While Traverse is an incredibly compelling candidate – and one who enjoyed this page’s support in many of his legislative fights – his vision for the role of the SA president directly diverges from what the SA needs right now. It needs someone removed from this year’s political squabbles and gridlock. While Traverse stood up against irresponsible executive spending when it was unpopular to do so, he allowed the enmity that stemmed from the incident to deteriorate the executive-Senate relationship, at the direct detriment of students. Traverse’s platform is largely focused on advocating for issues on which the Student Association is unlikely to effect any substantial change. While recognizing big-picture issues such as the lack of quality in Aramark’s dining services and the need to have students on the Board of Trustees is important, it is equally important for an SA president to recognize his or her inability to change those issues and move on to other issues on which they can make a difference. It is on this issue where Traverse and Calloway contrast most prominently. Whereas Traverse views the SA as a large-scale advocacy organization, Calloway recognizes the SA can be most effective as a provider of services to improve the lives of GW students.
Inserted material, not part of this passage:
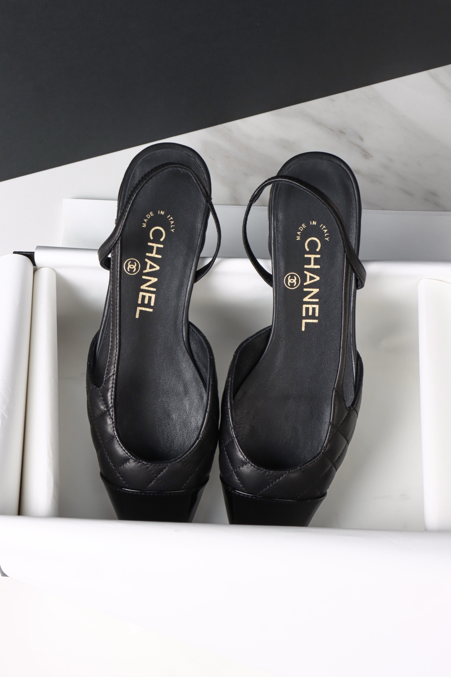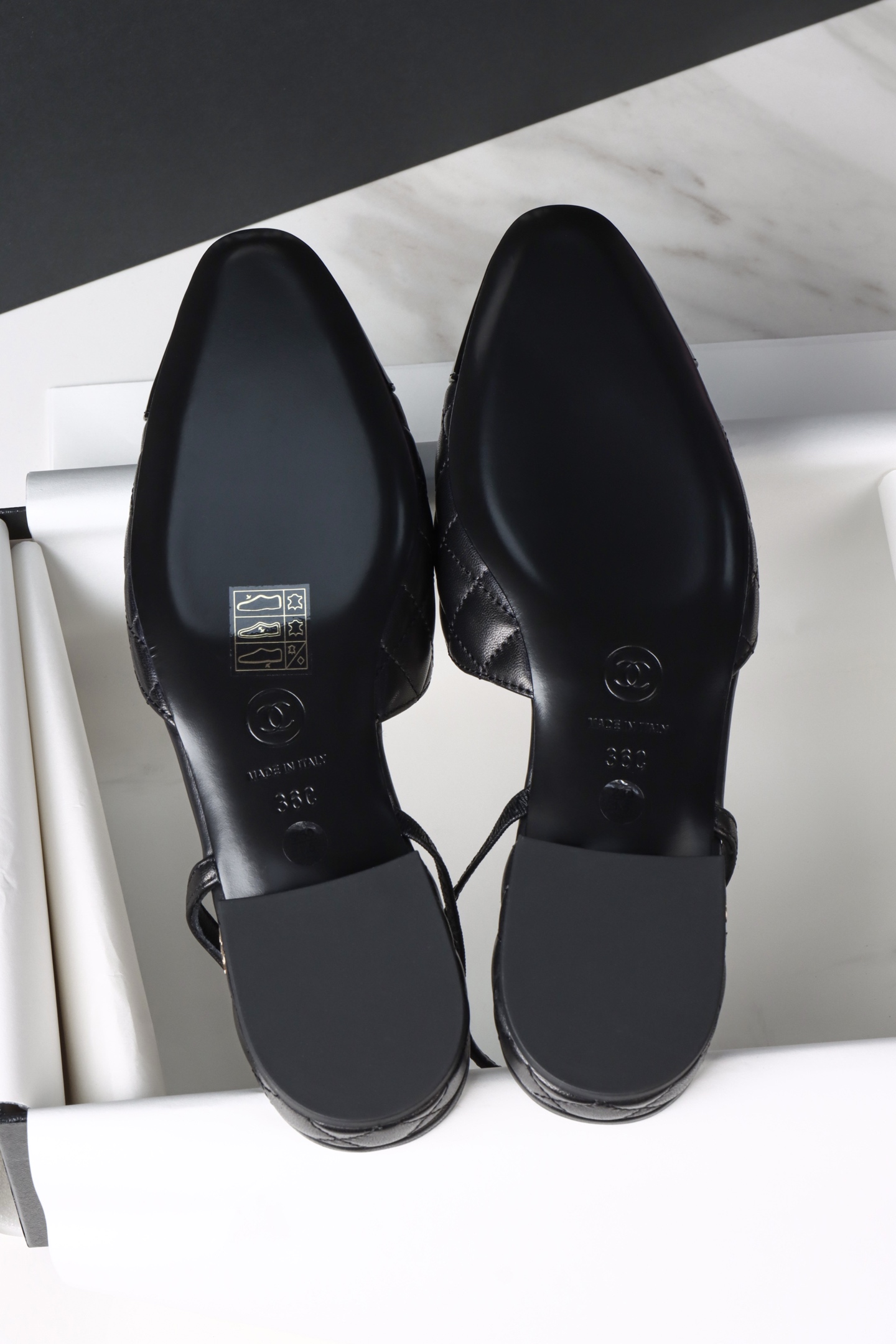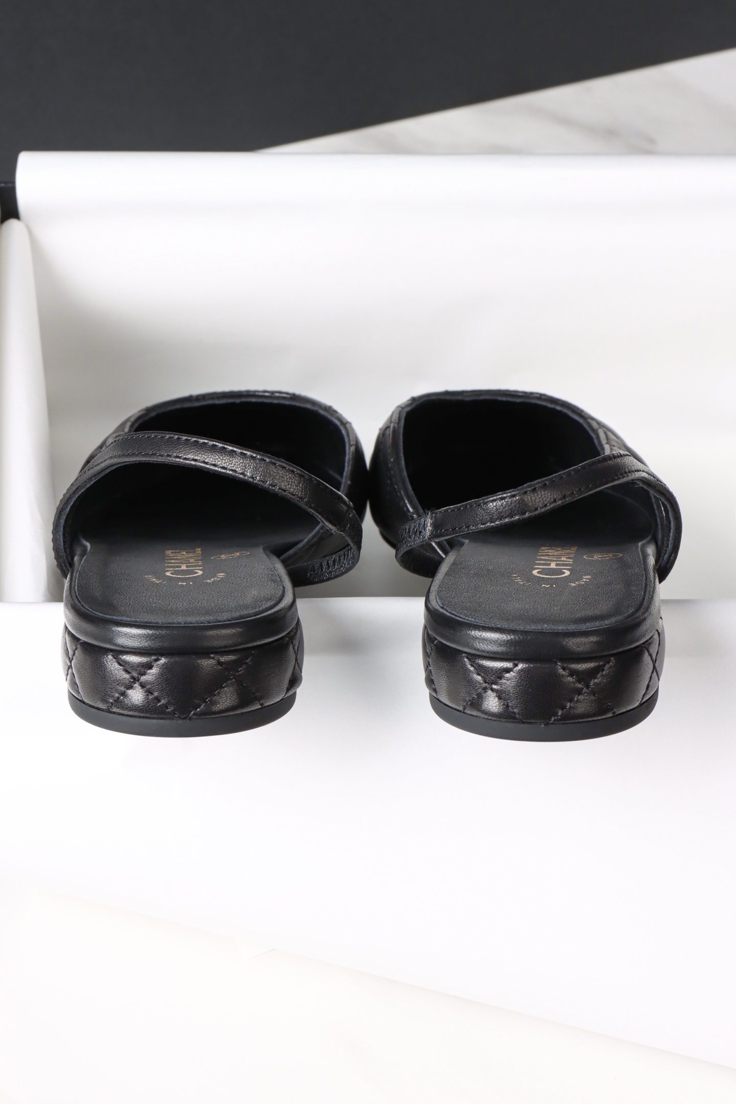Chanel 25K Black Quilted Flat Slingback. Elegant black quilted flat slingback from the 25K collection. Signature Chanel craftsmanship with comfortable flat heel. Sizes 34-38 including half sizes.

Jon Ostrower brings some excellent ideas to the table. His focus on improving the class registration system – while focused on the actual process of registration rather than a more significant online waitlist system – is admirable. Ostrower is the candidate who best articulates a coherent policy on medical amnesty, recognizing the need for UPD dispatch for safety purposes but the simultaneous need for their incident reports to not be included in a student’s permanent judicial record, shows an impressive understanding for nuance. Ostrower also has a quantifiable record of getting things done through his service in the Residence Hall Association.

Audai Shakour has an incredibly sincere passion for serving students and for student government in general. Shakour distinguished himself by approaching The Hatchet with thorough, pragmatic ideas drawn from real experiences at other colleges around the country. Like many other candidates, Shakour expressed a desire to create a Craig’s List-style Web site for students, and should be commended for such a stance. While he is charismatic and passionate, his lack of student government experience in knowing how to get things done separates him from other candidates.
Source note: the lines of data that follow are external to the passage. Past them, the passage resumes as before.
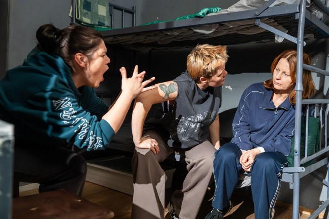 Trzy kobiety w więziennej celi. Jedna z lewej, w ciemnej bluzie z kapturem, krzyczy z otwartymi ustami i uniesionymi dłońmi w stronę kobiety z krótkimi, jasnymi włosami, siedzącej na łóżku piętrowym. Po prawej, Teresa (Maria Pakulnis) w dresie, siedzi na łóżku z opuszczoną głową, wyrażając bezradność, co wskazuje na znęcanie się. Więcej o losach bohaterów na Super Seriale.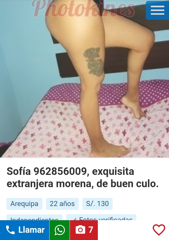 Bueno hace una semana estuve por la ciudad de Ica de pasada pues regresaba de viaje a Arequipa de Lima y bueno me hospede por un hotel cerca a la plaza de armas de esa ciudad (Ica), ya eran como las 8pm creo y salí a cenar a una pollería en plena plaza y me gane el pase con las chamas, buenas chamas buenas eh de esas que te hacen voltear el cuello en la calle. tienen la misma modalidad que en Lima las chamas que están por el Mall del sur. en la plaza ellas van caminando por las calles colindantes a la plaza y bueno me anime a hablarle a una de ellas, estaba nervioso pues tenia miedo a que me mande a la ****** pero dije "estoy en ciudad ajena y nadie me conoce, a la ******" le hable y la chama me dijo que si y la lleve al hotel le pague y procedimos al mate, debo reconocer que me gano los nervios y el primer mate no la pase bien pes el muchacho esta nervioso también XD bueno la chama me dijo que por 50 so hace adicional como oral sin pre, entonces accedí pues quería que el segundo mate sea bueno, en conclusión si están por esa ciudad y ven chamitas ricas caminando cerca a la plaza son putas. la chama me dijo que anunciaba en photoestafas y que tenia pensado visitar Arequipa en un par de semanas aquí les dejo el link por si la ven en los anuncios de Arequipa. la flaca se comporta bien y es un poco gruesita pero no me quejo. Saludos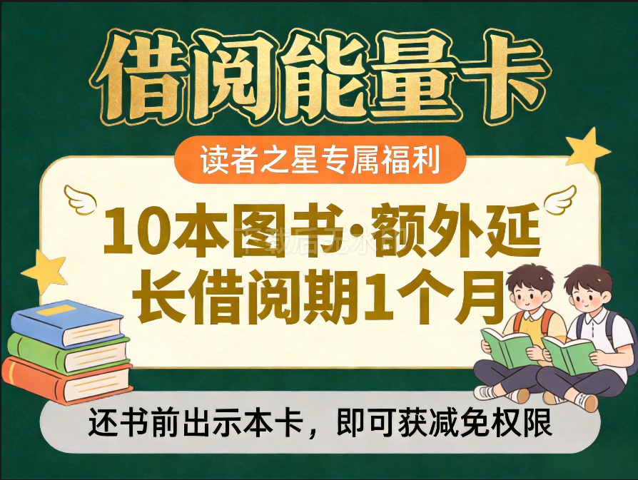 阅读没有终点,书香永无止境。每一位热爱阅读的你,都是图书馆里最闪亮的星。为鼓励更多同学养成良好的阅读习惯,图书馆特为 “读者之星” 提供专属福利:凭借借阅能量卡,可享受额外延长任意十本图书借阅期一个月的权利(需在还书前向工作人员出示借阅能量卡,方能获得相应减免权限)。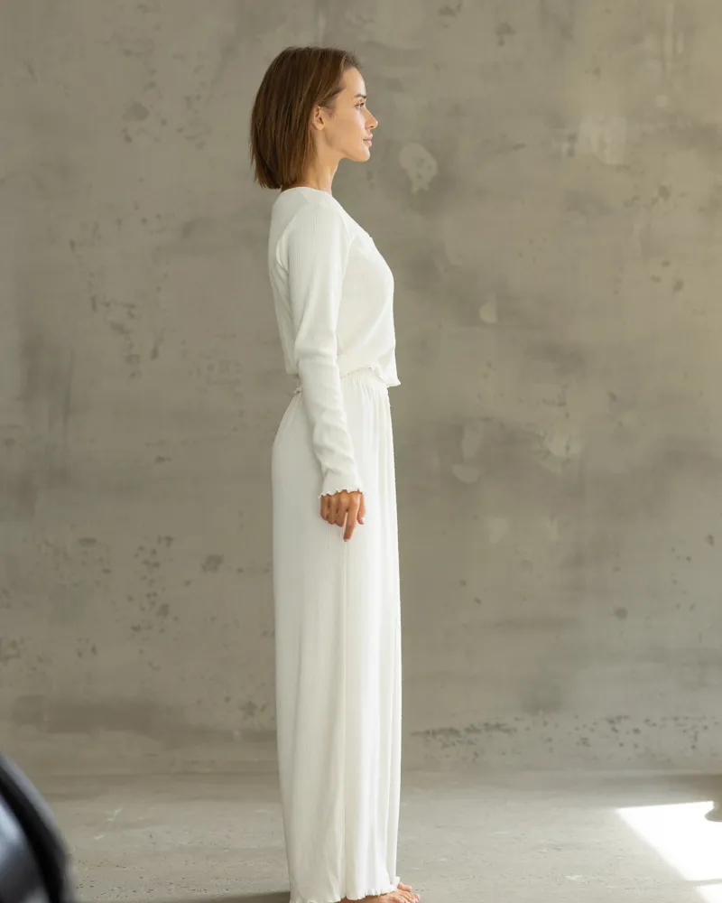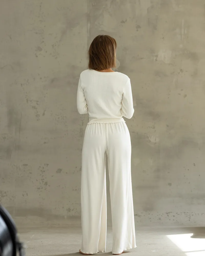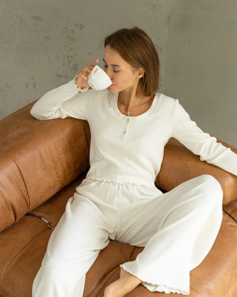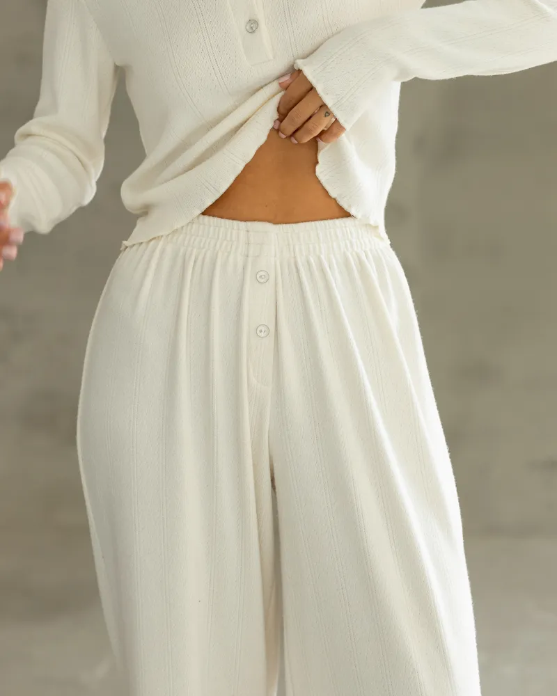 Комплект: кофта з ґудзиками та вільного крою штани на резинці.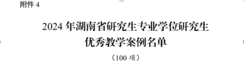 党委书记雷先阳获湖南省学位与研究生教学改革研究项目1项、黄瑞雪教授获湖南省课程思政示范课程1项、李广迪教授获湖南省专业学位研究生优秀教学案例1项、刘爱忠教授获湖南省研究生优秀教材1项。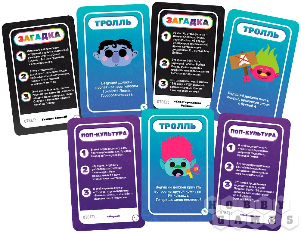 "Виктроллина" – это веселая вечериночная настолка с простыми правилами, которая отлично подойдёт для большой компании. Игрокам нужно будет разделиться на две команды, одна из которых будет заниматься ответами на вопросы, а другая – мешать им, троллить и всячески хулиганить.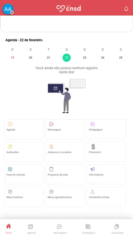 • Consulta ao registro diário para os pais acompanharem a rotina do estudante como alimentação, higiene e sono.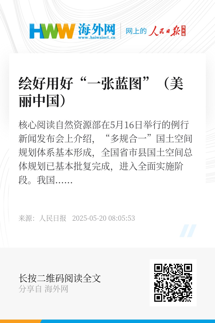自然资源部在5月16日举行的例行新闻发布会上介绍,“多规合一”国土空间规划体系基本形成,全国省市县国土空间总体规划已基本批复完成,进入全面实施阶段。我国国土空间开发保护格局持续优化,为促进城乡融合发展发挥重要作用。

The Student Association has made substantial strides in returning to relevance in the lives of students. There is still substantial work to do. It is imperative that the student body elects an individual poised to build on Omar Woodard’s success this year, and be in a position to make up for some of his weaknesses – most notably his inability to work with the Senate. C.J. Calloway represents another charismatic, forward thinking yet pragmatic candidate for the job and The Hatchet is proud to endorse him.